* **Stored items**
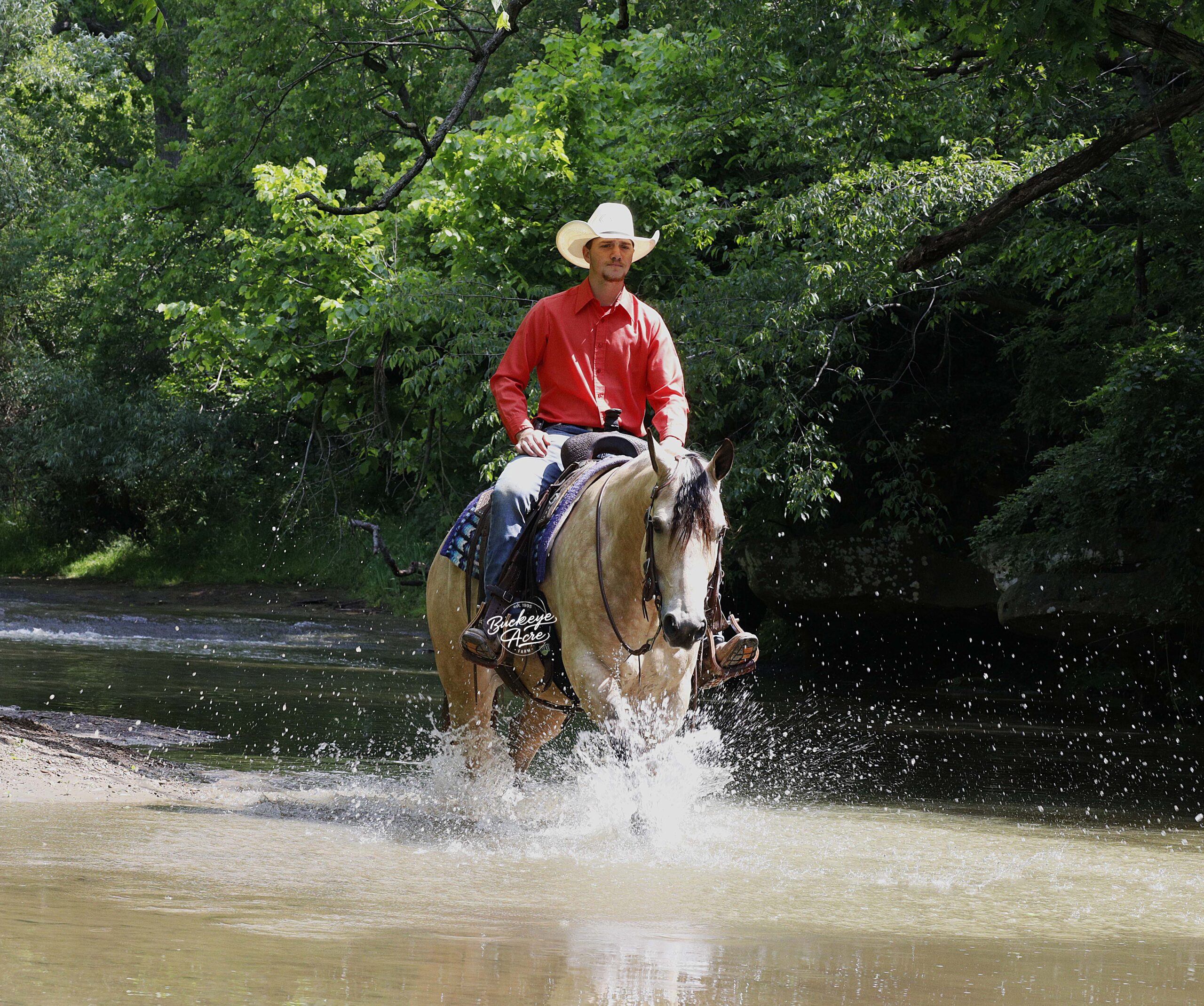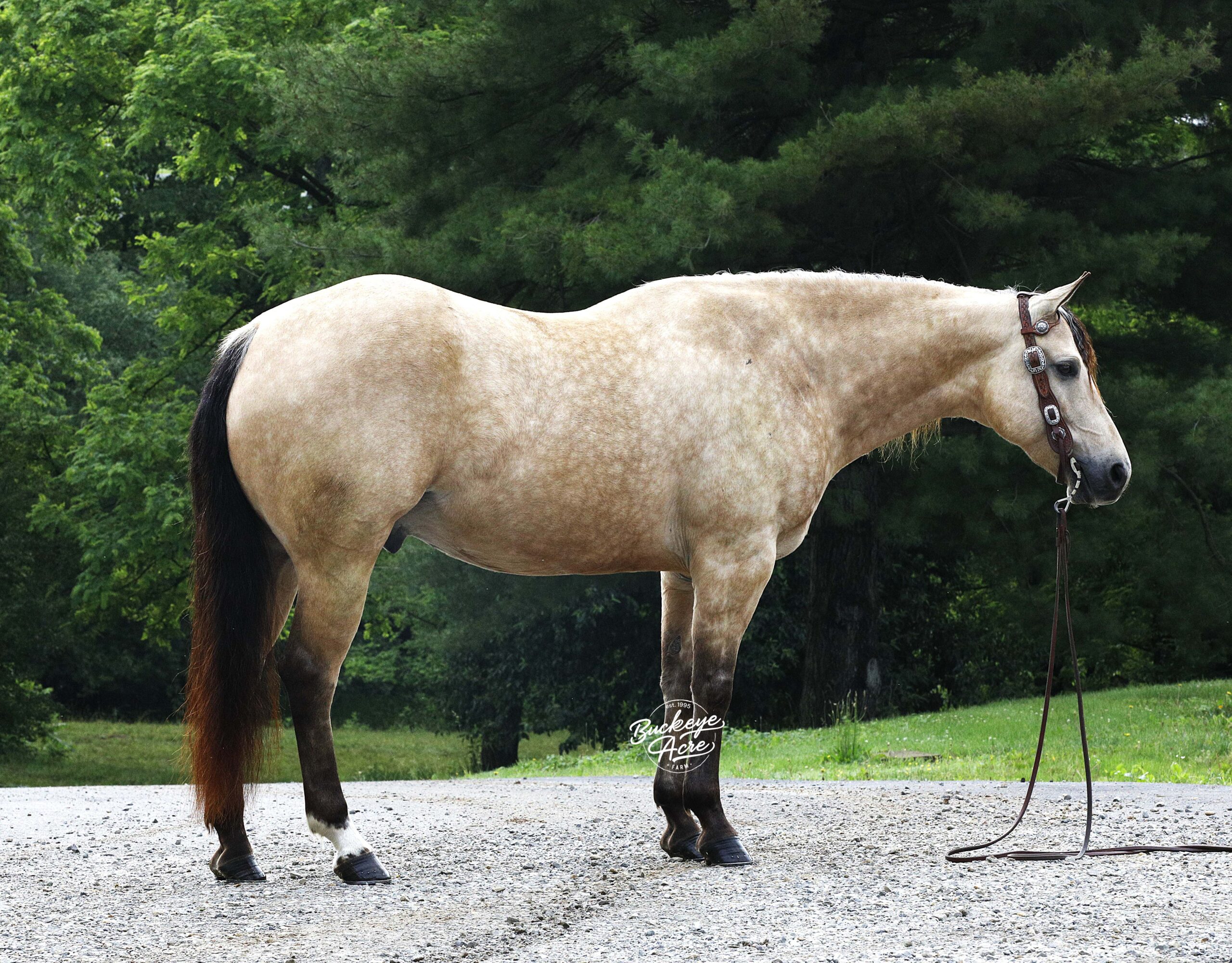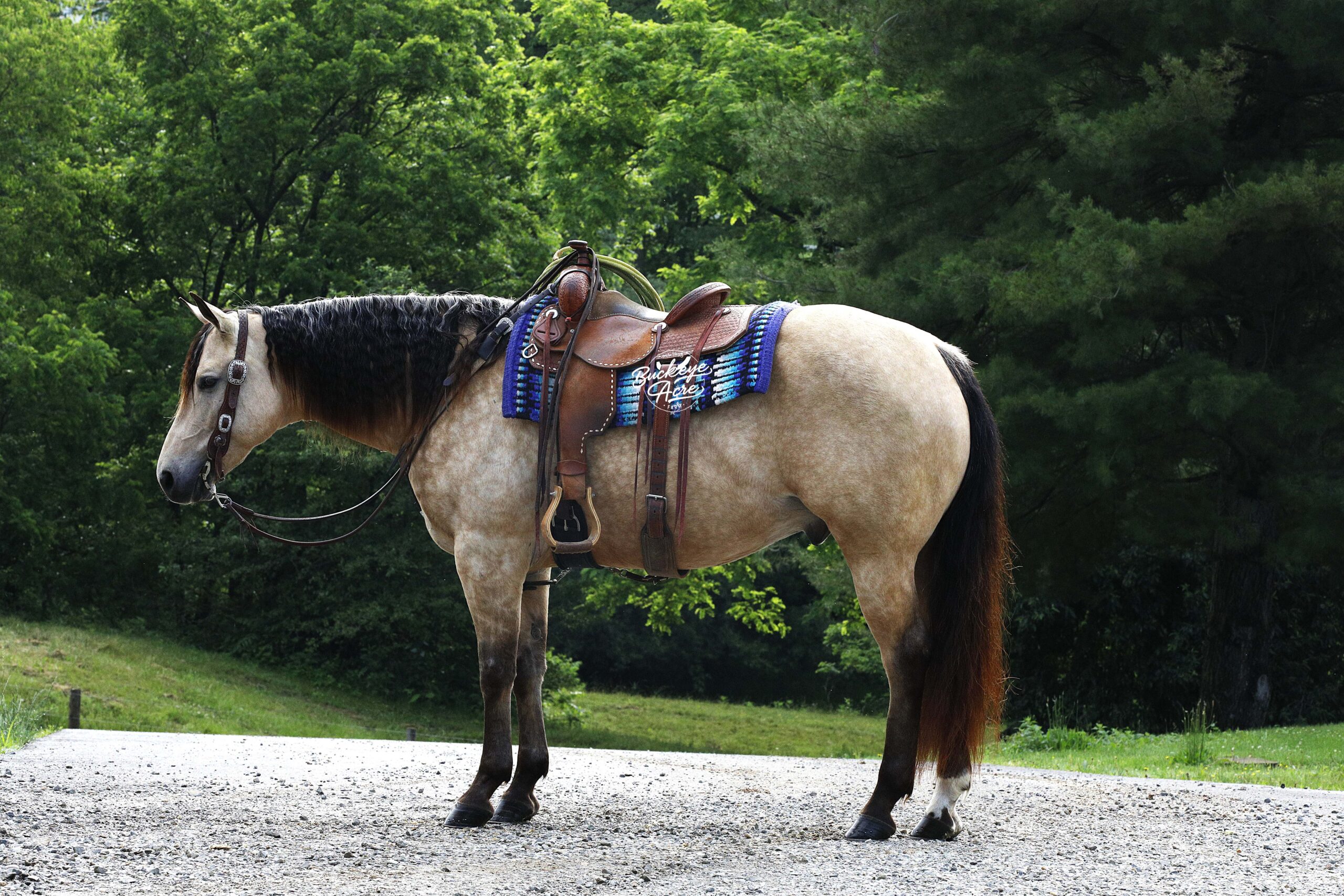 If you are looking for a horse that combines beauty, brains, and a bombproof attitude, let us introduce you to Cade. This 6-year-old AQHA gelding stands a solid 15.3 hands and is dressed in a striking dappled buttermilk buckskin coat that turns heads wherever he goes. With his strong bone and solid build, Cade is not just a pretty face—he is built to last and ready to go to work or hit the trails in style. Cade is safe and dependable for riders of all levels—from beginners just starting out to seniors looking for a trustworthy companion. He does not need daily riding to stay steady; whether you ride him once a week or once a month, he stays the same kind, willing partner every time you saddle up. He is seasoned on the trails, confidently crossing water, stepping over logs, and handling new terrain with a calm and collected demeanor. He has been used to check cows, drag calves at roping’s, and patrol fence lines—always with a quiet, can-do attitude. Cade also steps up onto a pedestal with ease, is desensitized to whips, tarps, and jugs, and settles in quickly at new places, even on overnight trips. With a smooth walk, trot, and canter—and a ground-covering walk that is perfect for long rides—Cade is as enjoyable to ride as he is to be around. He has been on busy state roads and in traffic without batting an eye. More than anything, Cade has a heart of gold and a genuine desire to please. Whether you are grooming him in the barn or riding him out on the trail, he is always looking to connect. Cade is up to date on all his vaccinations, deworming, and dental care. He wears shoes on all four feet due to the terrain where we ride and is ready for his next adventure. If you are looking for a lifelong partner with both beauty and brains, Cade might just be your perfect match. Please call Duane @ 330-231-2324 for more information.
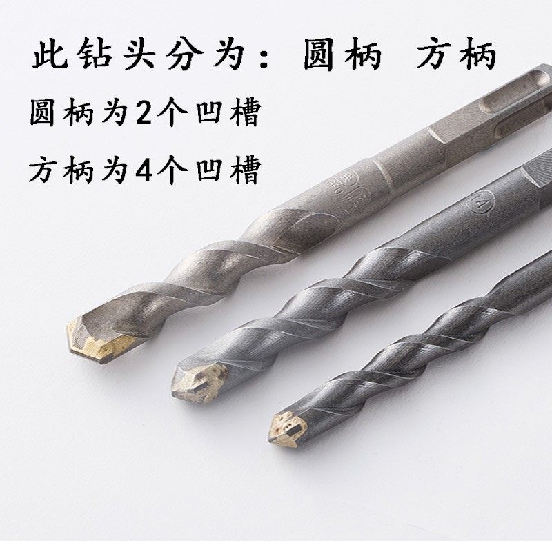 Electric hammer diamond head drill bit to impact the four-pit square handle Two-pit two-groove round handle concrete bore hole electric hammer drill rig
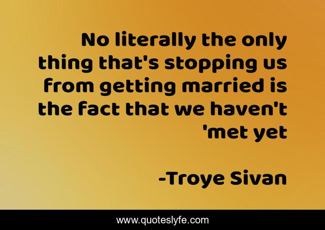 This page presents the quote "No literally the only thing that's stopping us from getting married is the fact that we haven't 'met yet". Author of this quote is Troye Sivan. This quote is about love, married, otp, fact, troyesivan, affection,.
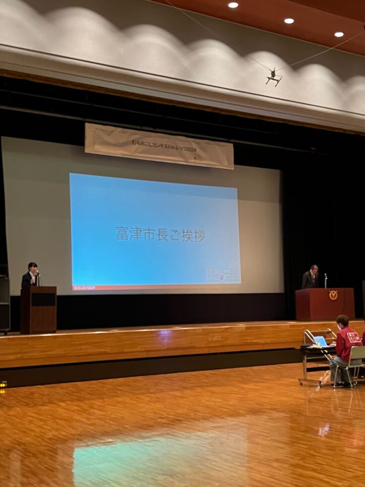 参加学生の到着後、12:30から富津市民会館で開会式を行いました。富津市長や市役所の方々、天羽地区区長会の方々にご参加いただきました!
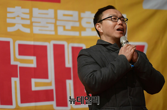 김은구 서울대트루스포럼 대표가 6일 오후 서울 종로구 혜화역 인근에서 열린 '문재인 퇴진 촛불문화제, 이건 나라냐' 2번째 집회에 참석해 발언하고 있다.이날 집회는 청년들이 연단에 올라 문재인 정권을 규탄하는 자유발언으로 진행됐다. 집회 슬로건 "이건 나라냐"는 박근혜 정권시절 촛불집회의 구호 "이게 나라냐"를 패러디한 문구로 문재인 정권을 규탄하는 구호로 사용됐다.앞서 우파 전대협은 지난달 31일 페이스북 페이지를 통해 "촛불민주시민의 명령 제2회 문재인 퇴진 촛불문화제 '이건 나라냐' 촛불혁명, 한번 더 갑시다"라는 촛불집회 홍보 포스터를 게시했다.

* **BRIEF**
Reproduce, word for word, only the lines in the records above from the line with "Electric hammer diamond" through the line with "This page presents", including both ends; omit the pictures.

* **EXPECTED OUTPUT**
 Electric hammer diamond head drill bit to impact the four-pit square handle Two-pit two-groove round handle concrete bore hole electric hammer drill rig
 This page presents the quote "No literally the only thing that's stopping us from getting married is the fact that we haven't 'met yet". Author of this quote is Troye Sivan. This quote is about love, married, otp, fact, troyesivan, affection,.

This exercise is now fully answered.